Task item: Every line below needs to be transcribed without alteration, and no image may be carried over.

Data below:
-- Opening Marker --
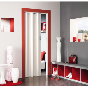 Grosfillex vouwdeur spacy glans wit 84x205 cm bespaart op een praktische en stijlvolle manier ruimte. De Grosfillex vouwdeur spacy glans wit bestaat uit afzonderlijke lamellen die met een soepel verbindingsprofiel aan elkaar bevestigd zijn, en is vervaardigd uit extra stevig PVC van zeer hoge kwaliteit. Kan door het op maat zagen van lamellen passend worden gemaakt voor iedere deuropening. Verkrijgbaar in verschillende kleuren en wordt geleverd inclusief aluminiumkleurige deurklink en slot met sleutel.
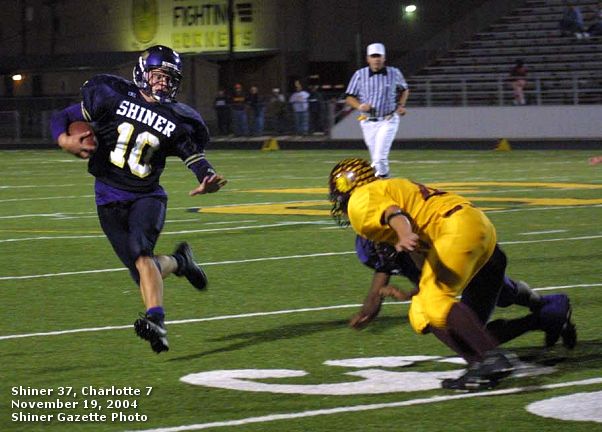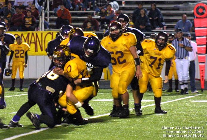 While the Shiner defensive line kept Charlotte's running game in check, the Shiner secondary intercepted two passes and broke up numerous others to stymie the Trojan air attack.
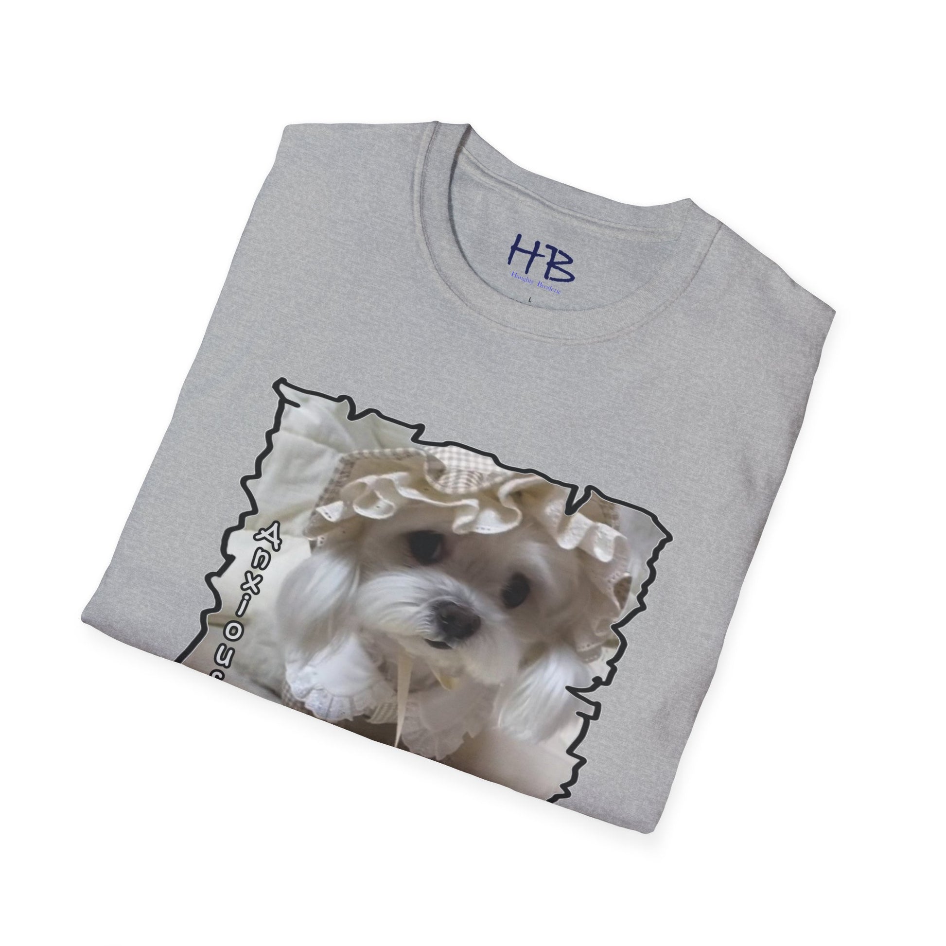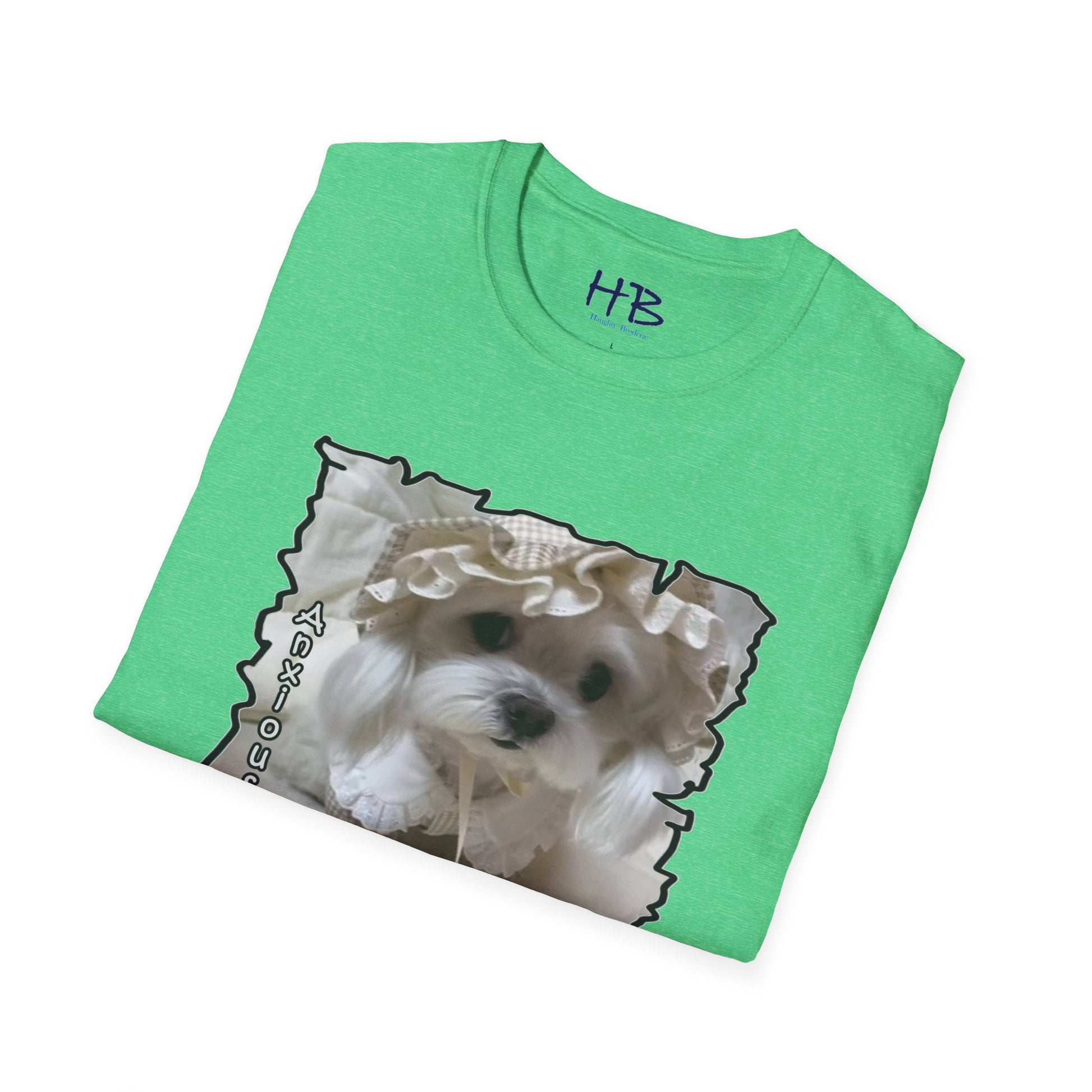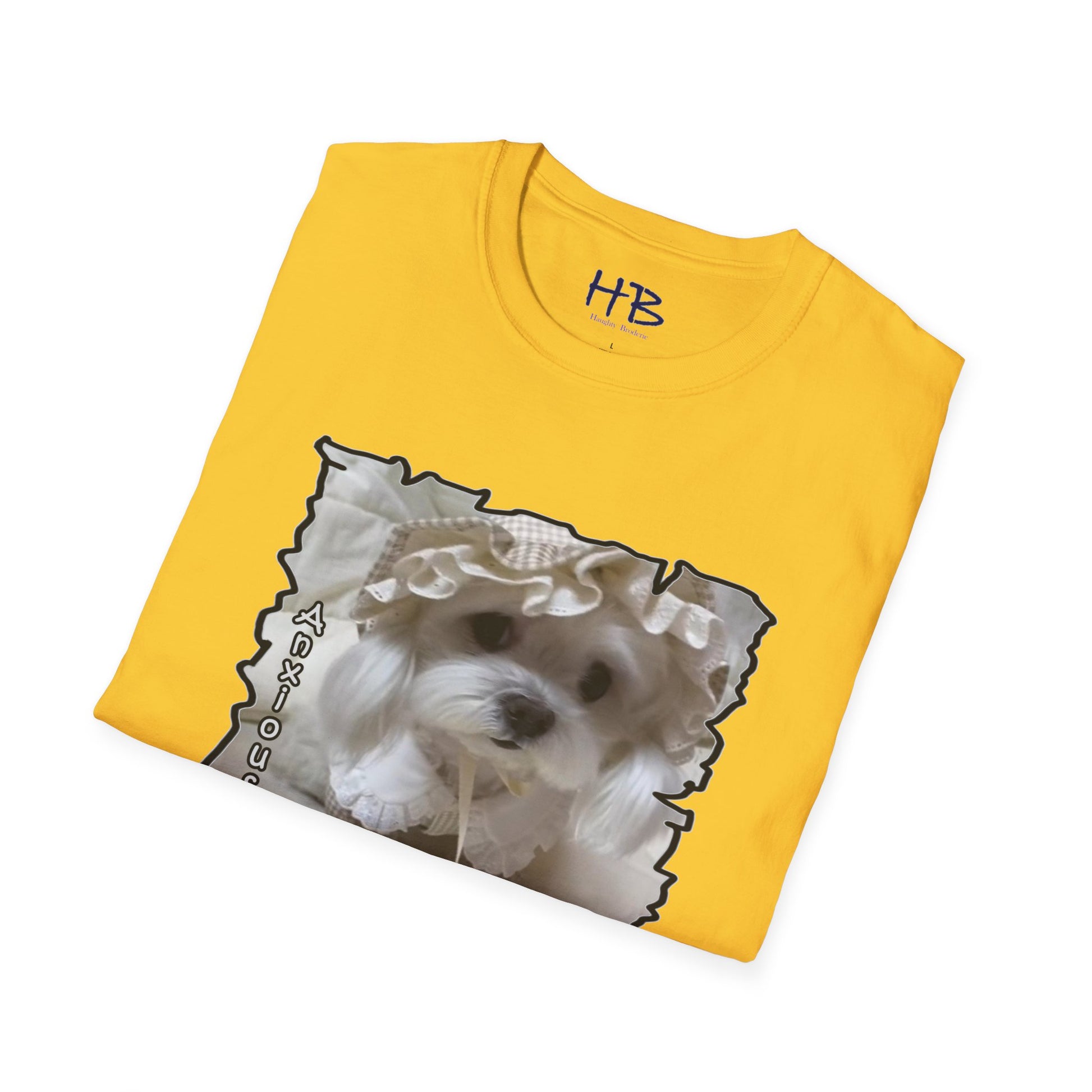 Introducing our latest tee shirt featuring a darling and adorable little Maltese puppy, with a snowy white coat and a dainty size that will surely melt your heart. This cute and charming bichon is captured wearing a fancy and elegant hat and night uniform that complements its delicate features perfectly. The image showcases a look of anxiety in the puppy's eyes, which adds to the cuteness factor and makes it all the more endearing.
-- Closing Marker --
Exercise solution:
 Grosfillex vouwdeur spacy glans wit 84x205 cm bespaart op een praktische en stijlvolle manier ruimte. De Grosfillex vouwdeur spacy glans wit bestaat uit afzonderlijke lamellen die met een soepel verbindingsprofiel aan elkaar bevestigd zijn, en is vervaardigd uit extra stevig PVC van zeer hoge kwaliteit. Kan door het op maat zagen van lamellen passend worden gemaakt voor iedere deuropening. Verkrijgbaar in verschillende kleuren en wordt geleverd inclusief aluminiumkleurige deurklink en slot met sleutel.
 While the Shiner defensive line kept Charlotte's running game in check, the Shiner secondary intercepted two passes and broke up numerous others to stymie the Trojan air attack.
 Introducing our latest tee shirt featuring a darling and adorable little Maltese puppy, with a snowy white coat and a dainty size that will surely melt your heart. This cute and charming bichon is captured wearing a fancy and elegant hat and night uniform that complements its delicate features perfectly. The image showcases a look of anxiety in the puppy's eyes, which adds to the cuteness factor and makes it all the more endearing.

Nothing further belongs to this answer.